Tom Johnston and Randall Weis. Managing Time in Relational Databases: How to Design, Update and Query Temporal Data. 2010. I haven’t read this one yet, although see just below for Johnston’s other book. This one sounds more practical and less original, although I don’t know for sure.

Tom Johnston. Bitemporal Data: Theory and Practice. 2014. I felt like I found a kindred soul when I read how he connects database design and ontology, as I’ve always thought of programming as “applied philosophy.” Databases as Aristotelian propositional logic is inseparable from the mathematical set-based theory. Johnston gives helpful distinctions between the physical rows in the table, the assertions they represent, and the things themselves. Eventually this leads to a grand vision of connecting every assertion’s bitemporal (or tritemporal) history to its speaker, somewhat like some ideas in the Semantic Web, although this doesn’t sound very practical. Like Date he seems to be landing on something like sixth-normal form, with a view-like presentation layer to bring all the attributes back together again. He points out how unsatisfactory Kimball’s suggestions are. He also criticizes the limitations of SQL:2011 and offers some amendments to make it more useful. Describes a (patented) idea of “episodes” to optimize certain temporal queries.

Anton Dignös, Michael H. Böhlen, and Johann Gamper. “Temporal Alignment”, SIGMOD ’12. Amazing! Shows how to define temporal versions of every relational operator by a combination of the traditional operators and just two simple transforms, which they call “align” and “split”. Gives a very readable exposition of the new theory and then describes how they patched Postgres 9.0 and benchmarked the performance. I think this solves the composability problems Date objected to in TSQL2, and unlike SQL:2011 it is general and comprehensive. The focus is on state-time, and I’m not sure how it will map onto bi-temporal, but even just having good state-time functionality would be tremendous. And the paper is only 12 easy-to-read pages! (pdf)

Anton Dignös, Michael Hanspeter Böhlen, Johann Gamper, and Christian S. Jensen. “Extending the kernal of a relational dmbs with comprehensive support for sequenced temporal queries,” ACM Transactions on Database Systems, 41(4):1-46. Continues the previous paper but adds support for scaling the inputs to aggregate groups according to how much of their time period goes into each group.
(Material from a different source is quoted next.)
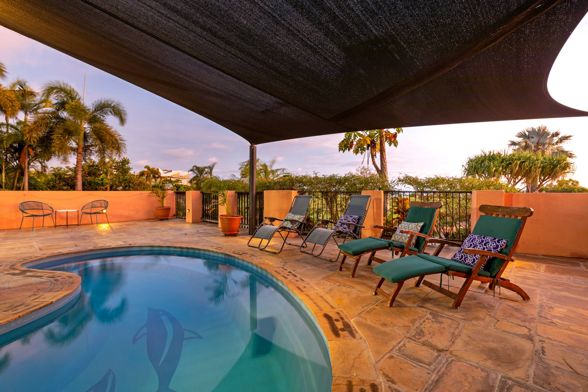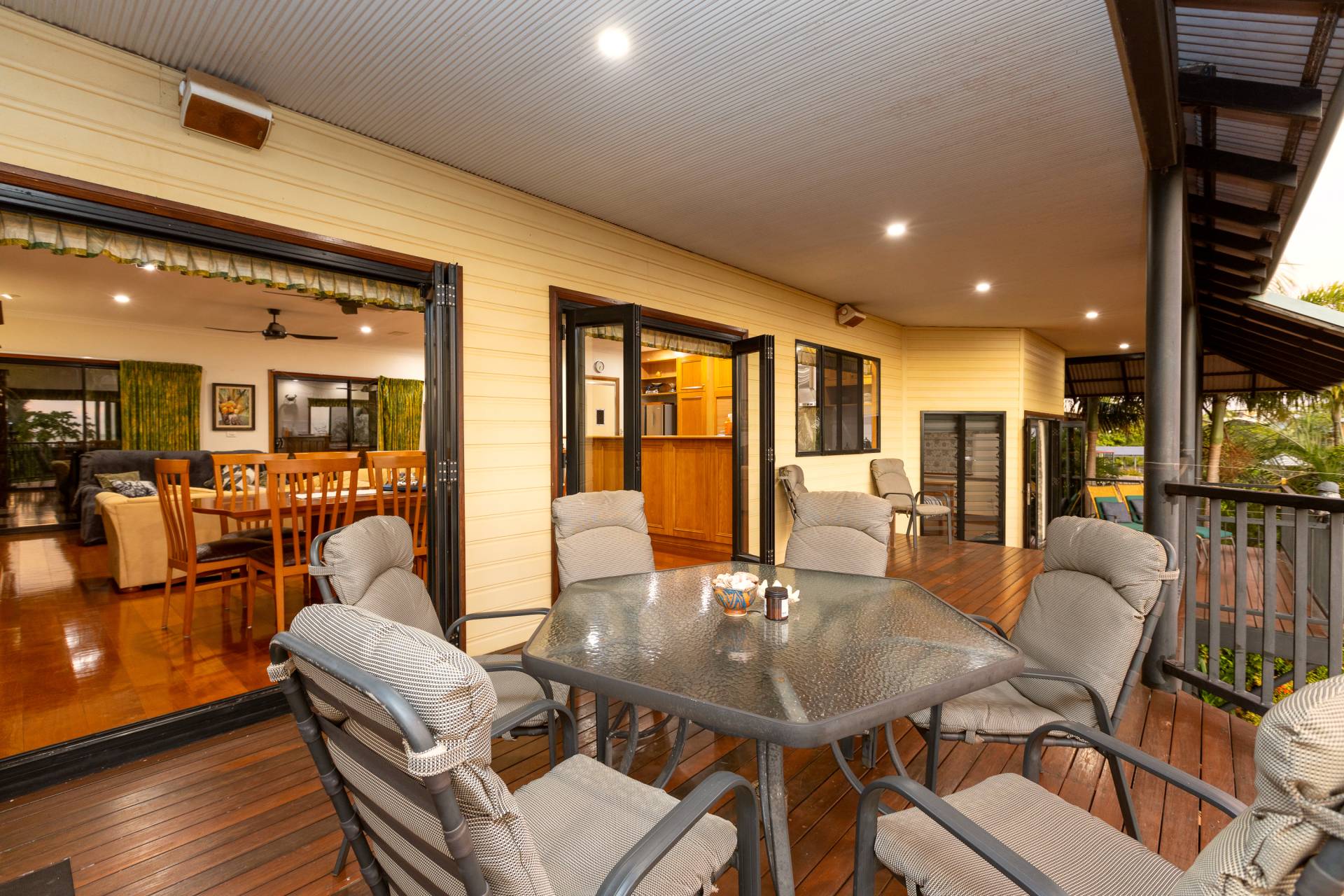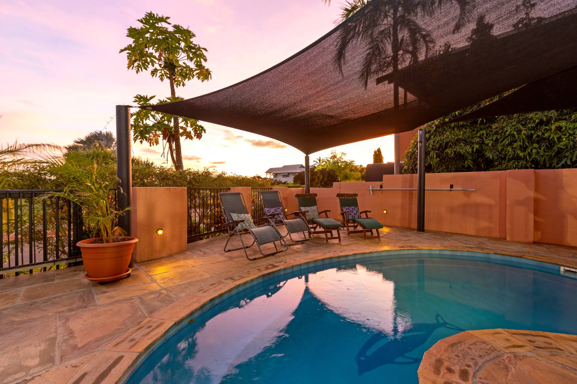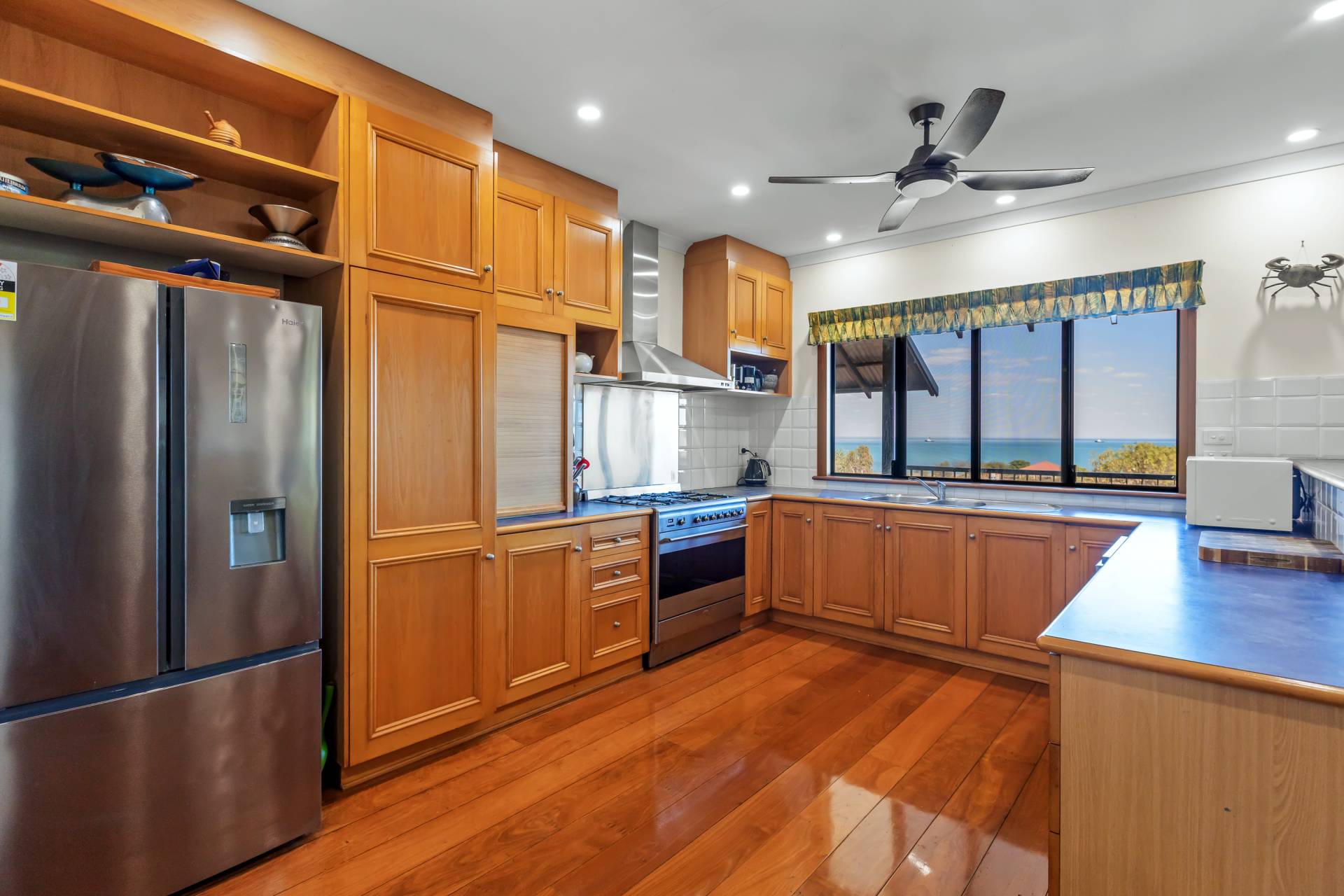 Both upstairs and downstairs living areas are open plan, forming a hub of activity on both floors of the home. With fully equipped kitchens, dining space and living space, social interaction becomes a component of the house. The second-floor kitchen is supplied with a new oven and its own Cool-room, capable of adjusting its temperature to accommodate any food storage needs. Let’s mention the views of Roebuck Bay are glorious from the first floor and second floor of the property. The first-floor kitchen/living area opens out onto a grand paved pool area surrounded by a new pool fence - passed pool inspection APRIL 2024. Further upgrades include all lighting changed to LED and fans - Caloundra 3 blade.

Gives more benchmarks against a patched Postgres 9.5. (pdf) These researchers are now trying to contribute their work to the Postgres core project, of which I am very much in favor. :-)


Finally here are some tools for temporal support in Postgres. The sad theme is that pretty much everything gives audit support but not history support:


The pgaudit extension looks pretty useful but I haven’t tried it yet. According to the AWS docs you can even use this on RDS.

Vlad Arkhipov’s temporal tables extension only supports system-time (auditing). Also on Github and a nice writeup by Clark Dave.

Magnus Hagander presented an approach to capturing system-time history in a separate schema at PGConf US 2015 and PGDay’15 Russia. Here are slides and video. Quite elegant if you want to ask questions like “what did we think as of time t?” If I recall correctly this is similar to one of the ideas proposed at the end Snodgrass, although I haven’t compared them carefully. Hagander points out that DDL changes against temporal databases are challenging and hopefully infrequent. This is a topic that is almost completely absent from the literature, except for a brief mention in Johnston 2014.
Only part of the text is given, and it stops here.